Me volví y le miré. Me devolvió una mirada desafiante. La cirugía era impecable, no parecía desequilibrada ni deforme. No tenía derecho a lamentarme por una pérdida que sólo existía en mi mente. Nadie le había mutilado por la fuerza; había tomado la decisión de forma consciente. No tenía derecho a desear devolverle la «salud».

Sin embargo, todavía me sentía afectado y enfadado. Aún quería castigarle por lo que me había arrebatado.

—¿Adónde te lleva eso? —pregunté con ironía—. ¿La extirpación de los instintos animales te confiere una visión interior más amplia y valiosa? No me digas que puedes conectar con la sabiduría perdida de los santos célibes medievales.

—No. —Akili sonrió divertida—. Pero el sexo tampoco ofrece más de lo que puede dar un chute de heroína, por mucho que las sectas sermoneen sobre los «misterios tántricos y la comunión de las almas». Dale a uno de RM un par de setas mágicas y te dirá, sinceramente, que acaba de tirarse a Dios. Porque el sexo, las drogas y la religión dependen de los mismos fenómenos neuroquímicos simples: la adicción, la euforia y la excitación; y todos son igualmente fútiles.

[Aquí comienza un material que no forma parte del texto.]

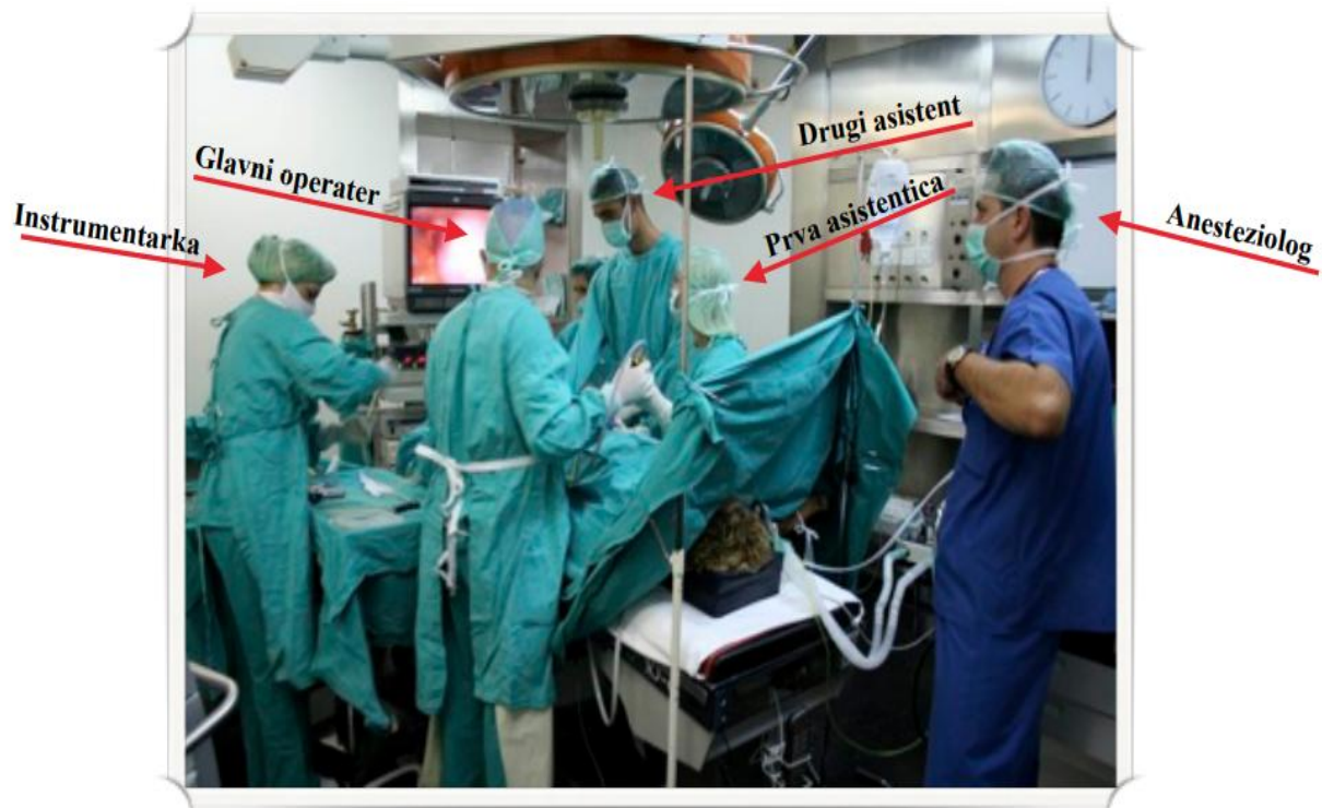
Slika 4.1. Prikaz operacijske sale tijekom ginekološke laparoskopske operacije.

Veličina operacijske sale i svih ostalih pomoćnih prostorija treba biti prilagođena broju osoblja i osigurati njihovo slobodno kretanje s osobitim naglaskom na nesmetanu izvedbu samih operativnih zahvata (Slika 4.1).
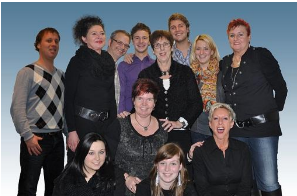
Beleefd uitnodigend “Tonieëlgroep Bèngelder”

Een gebed vol kolder met een verrassend eind.
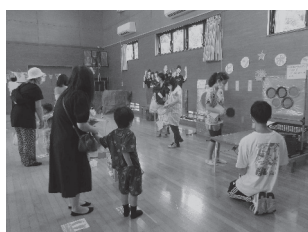
ポプラ児童館デー
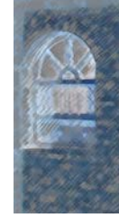
ئه حمه دی مه لا

ژن وه ک په نجه ره رووخوش وه ک هه ژار ماندوو وه ک سیاست دلدار وه ک دیکتاتور غه مبار وه ک کورد بیعار وه ک عاره ب شکودار وه ک فهره نسی جووتیار وه ک ئیسپانی قوشمه چی وه ک ئیتالی تاریک وه ک سوپسری
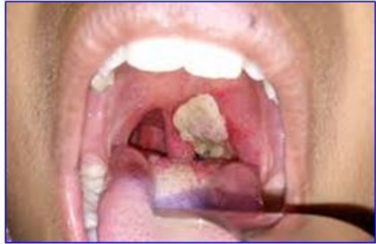
Màng giả trên lưỡi, vòm miệng do vi khuẩn bạch hầu gây ra
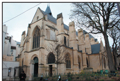
Église Saint-Médard, 5 e arrdt

le lendemain matin à une pauvre femme sans travail.
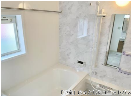
「浴室」広々としたユニットバス
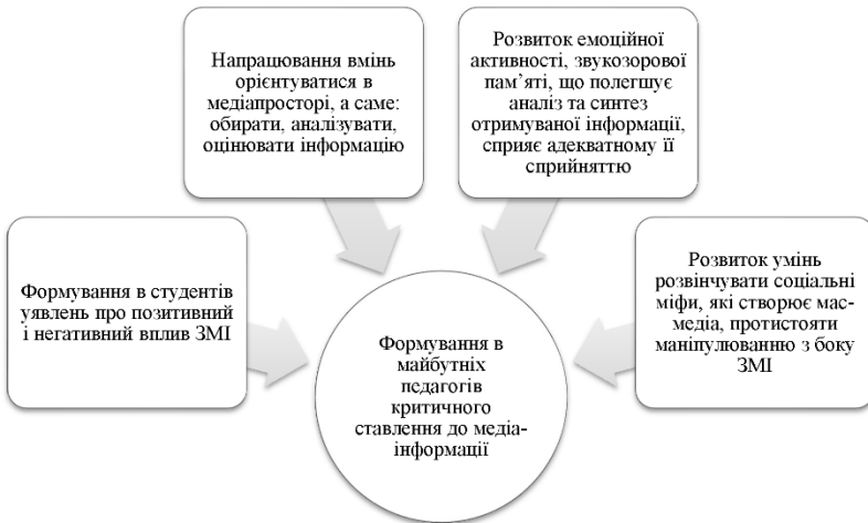
Рис. 5. Формування критичного ставлення студентів до засобів масової інформації як провідна умова ефективного формування національних ціннісних орієнтацій майбутніх педагогів

Результат медіа-освіти – сформоване стійке критичне ставлення особистості студента до медіа-інформації, що свідчить про вміння орієнтуватися в сучасному світі, у якому не останнє місце належить засобам масової інформації. Тому сформоване стійке критичне ставлення здобувача освіти до медіа-інформації можна визначити як вироблений імунітет проти інформації дестабілізуючого характеру: проти негативного впливу телебачення, радіо, інтернету тощо на ціннісні орієнтації, мораль, поведінку студентів; це вміння сприймати, аналізувати, оцінювати, переробляти, обирати
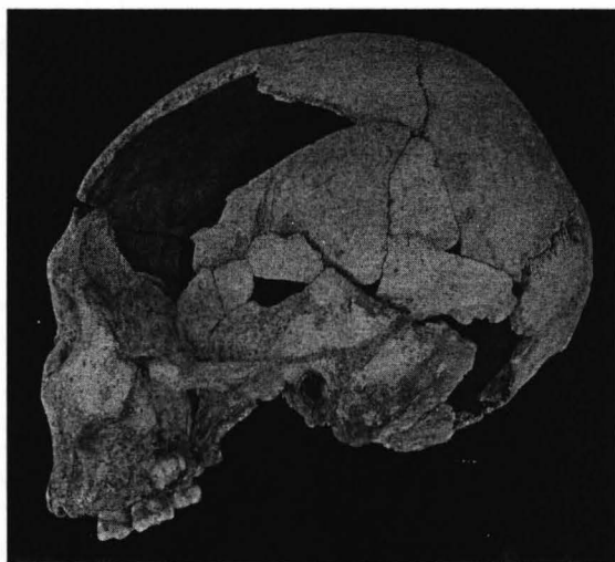
Figura 3. Reconstituire preliminară a pieselor craniene majore Oase 2, la nivelul anului 2004, vedere laterală. Cele trei secțiuni majore, facială, temporal-occipitală și bolta neurocraniană sunt doar alăturate, ceea ce face vizibile micile goluri din regiunea supraorbitală și sutura squamosa. Alte fragmente ale craniului au fost descoperite în anul 2005 și urmează a fi atașate neurocraniului. În cursul acestui proces ar putea, ca urmare, să apară reajustări minore.
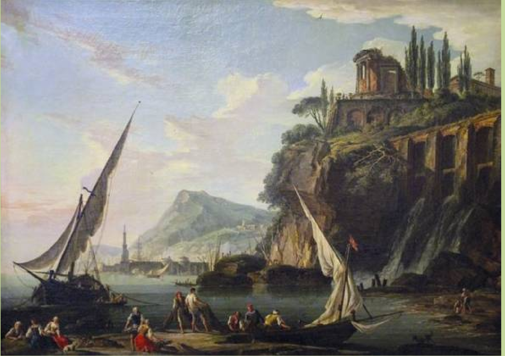
Charles-François Lacroix de Marseille (Paris, 1733 – Paris, 1808), Marine avec le temple de la Sybille de Tivoli , vers 1770, peinture à l'huile sur toile, Saint-Omer, musée de l'hôtel Sandelin.
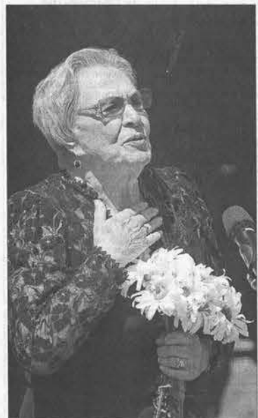
Народная артистка России Римма Маркова сожалеет, что при жизни Шукшина о нем не говорили как о гении.
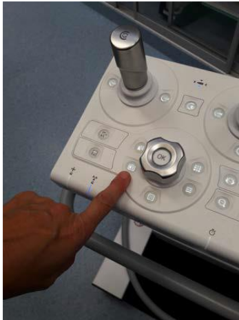
Tryck. Knappen blir blå.

Aktivera önskad layout på trolly om skopibild önskas på bildskärmar till ARTISpheno
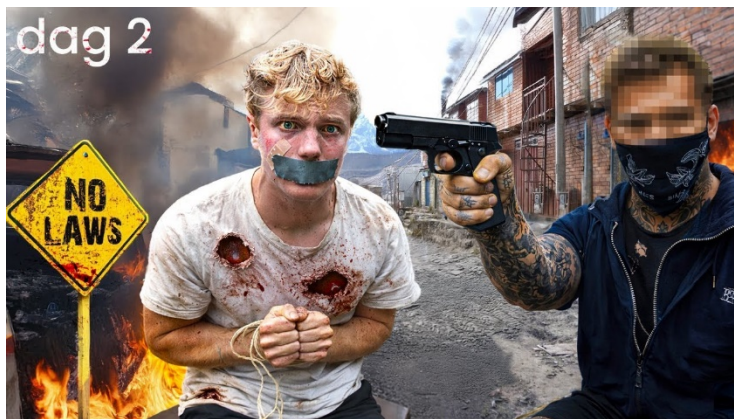
Thumbnail video FrankVD: 3 dagen in een stad zonder wetten (tijdens opname werd er een moord gepleegd).
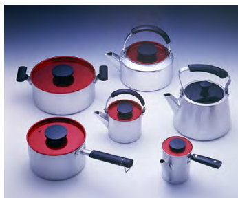
キューピー調理器 (Gマーク受賞)
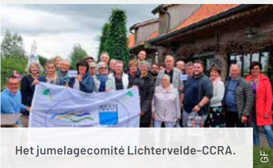
Het jumelagecomité Lichtervelde-CCRA.

Lichtervelde heeft sinds 2008 een jumelage met de Communauté de Communes de la Région d'Audruicq (CCRA) in het departement Pas-de-Calais in Frankrijk, dat 15 gemeenten omvat.
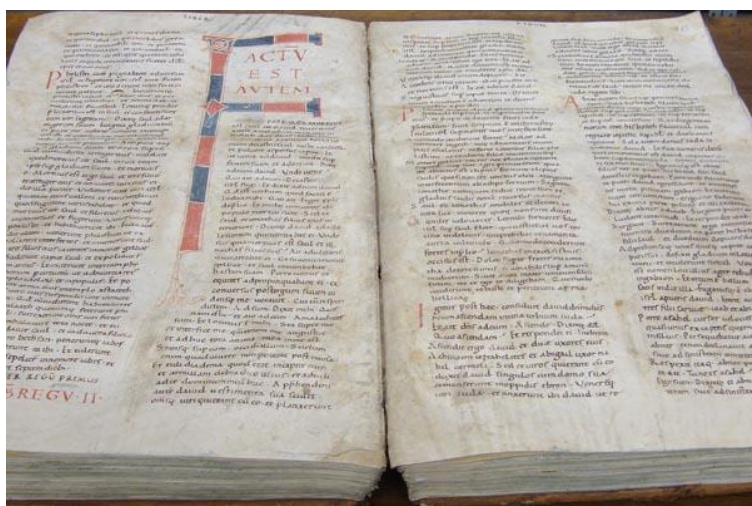
Bibbia atlantica del XI secolo

L'abbazia dispone inoltre di un ricchissimo archivio storico, nel quale si conservano i diplomi pontifici e imperiali, i documenti giuridici ed economici e le Cronache del monastero; i documenti più antichi risalgono alla fine del X secolo.
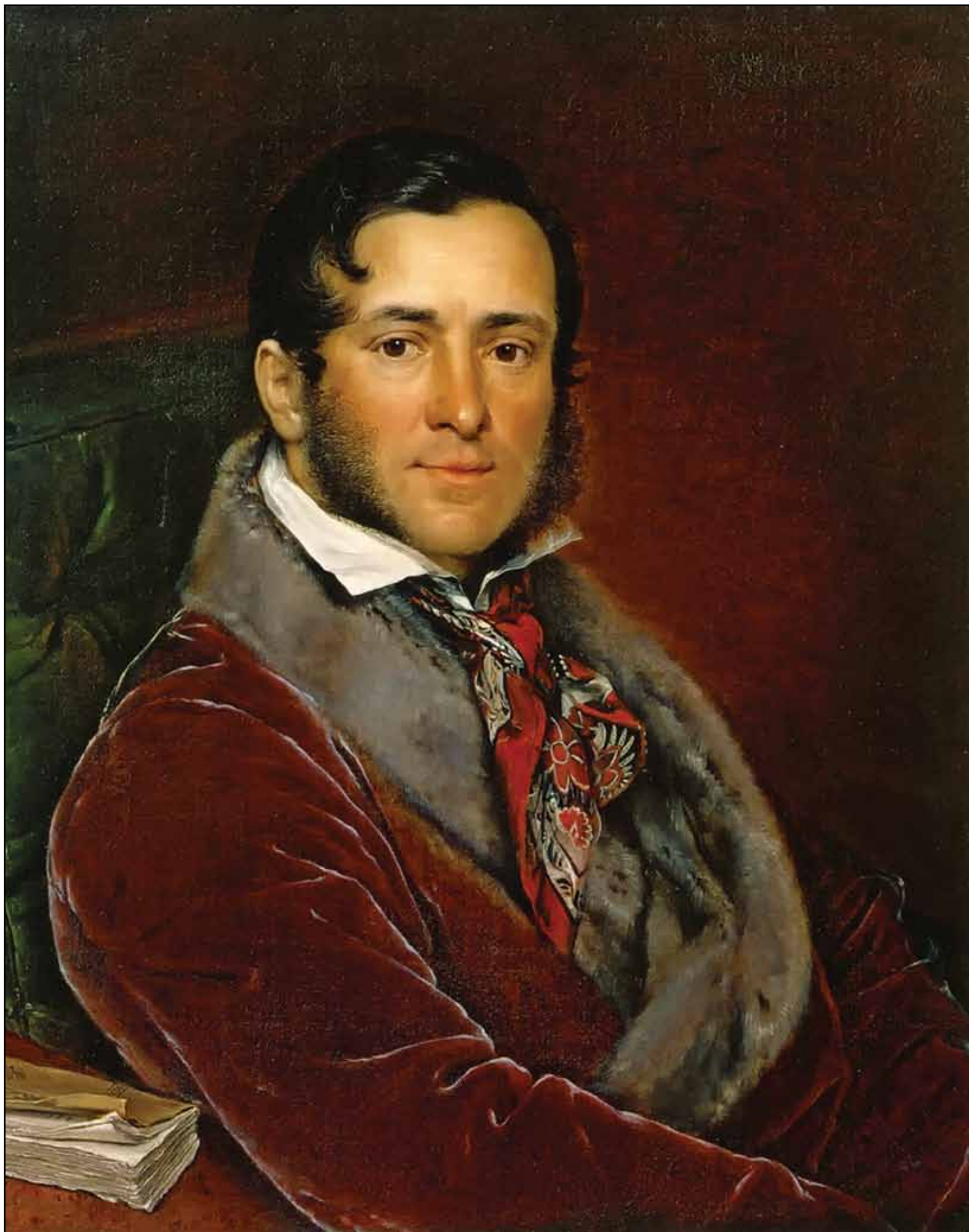
Портрет С. Н. Мосолова. 1836
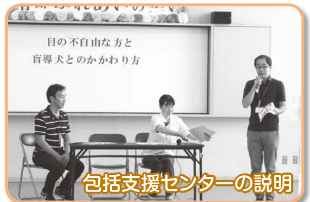
包括支援センターの説明
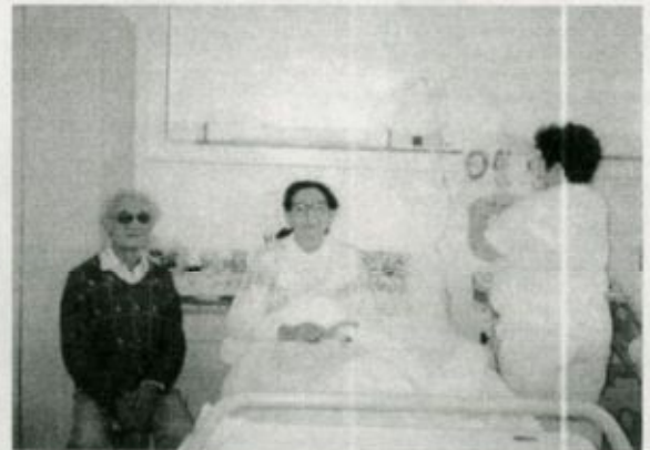
A betegek gyógyítására modern, a rekonstrukció során teljesen megújult betegszobákban van lehetőség

nagy többsége az idősebb korosztályokból kerül ki, pácienseinknek tavaly csupán 6,52%-a tartozott a 41 és 50 év közötti korcsoportba, 51-60 év közötti volt a betegek 10,87%-a. A 61-70 év közötti betegek aránya mindössze 17,39%, ami talán meglepő, hiszen ez a korcsoport a köztudatban úgy szerepel, hogy abban kiemelkedően sok a beteg ember. Nálunk a 71 éven felüliek aránya nagyon
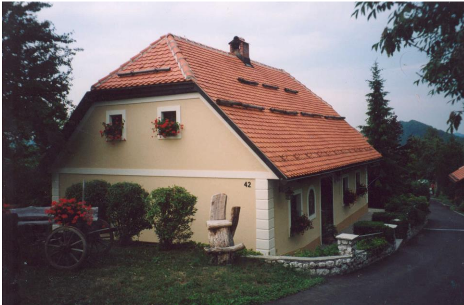
***** Slika: Križnik.jpg *****

V kategoriji najbolj urejen javni objekt je dosegla
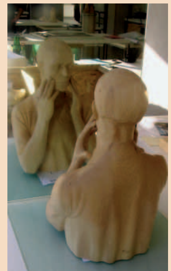
»Stillstand« und Spiegel von Simeon Decker
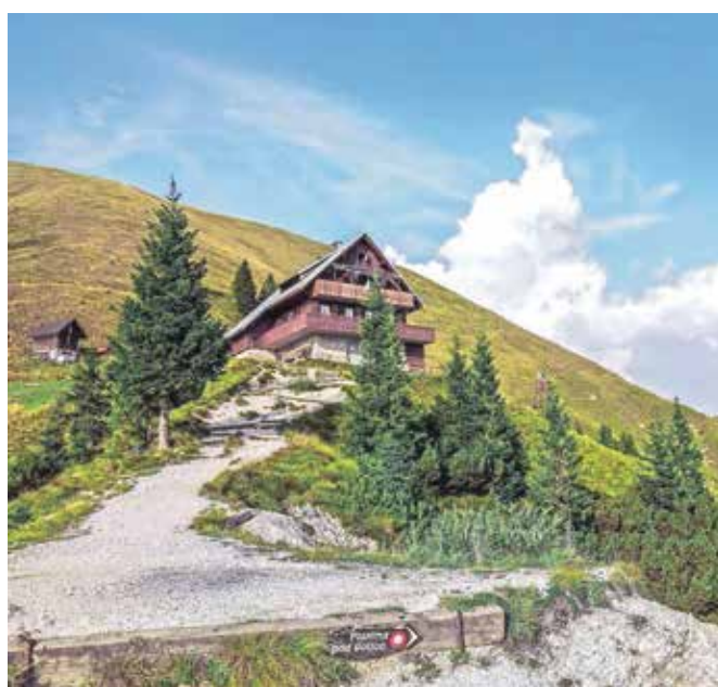
Planinska koča na Golici

Če si želite klasično pot na Golico popestriti s panoramskimi razgledi, se lahko podate na eno ali več etap Panoramske poti Karavanke–Svinška planina, ki

Era una verdad que me resultaba familiar, pero en aquel momento caló hondo. Porque todavía le deseaba y la droga a la que estaba enganchado no existía.

—Si casi todos eligen seguir siendo adictos al orgasmo —añadió Akili mientras levantaba las manos en señal de tregua; no quería hacerme daño, sólo defender su filosofía—, están en su derecho. Ni siquiera eil ásex más radical soñaría con obligarlos a seguirnos, pero no quiero que mi vida gire en torno a unos cuantos trucos bioquímicos baratos.

—¿Ni siquiera para hacerte a imagen de tu amada Piedra Angular?

—Todavía no lo entiendes, ¿verdad? —Se rió cansada—. La Piedra Angular no es un punto final teológico ni un ideal cósmico. Dentro de mil años su cuerpo será el mismo chiste obsoleto que los nuestros.

—No me importa —dije. Se me había acabado la ira—. El sexo puede ser mucho más que la simple emisión de opiáceos endógenos.

—Por supuesto que sí. Puede ser una forma de comunicación, pero también lo contrario, con la misma biología en juego. Sólo he renunciado a lo que tienen en común el mejor y el peor sexo. ¿No te das cuenta? Lo único que he hecho es eliminar el ruido.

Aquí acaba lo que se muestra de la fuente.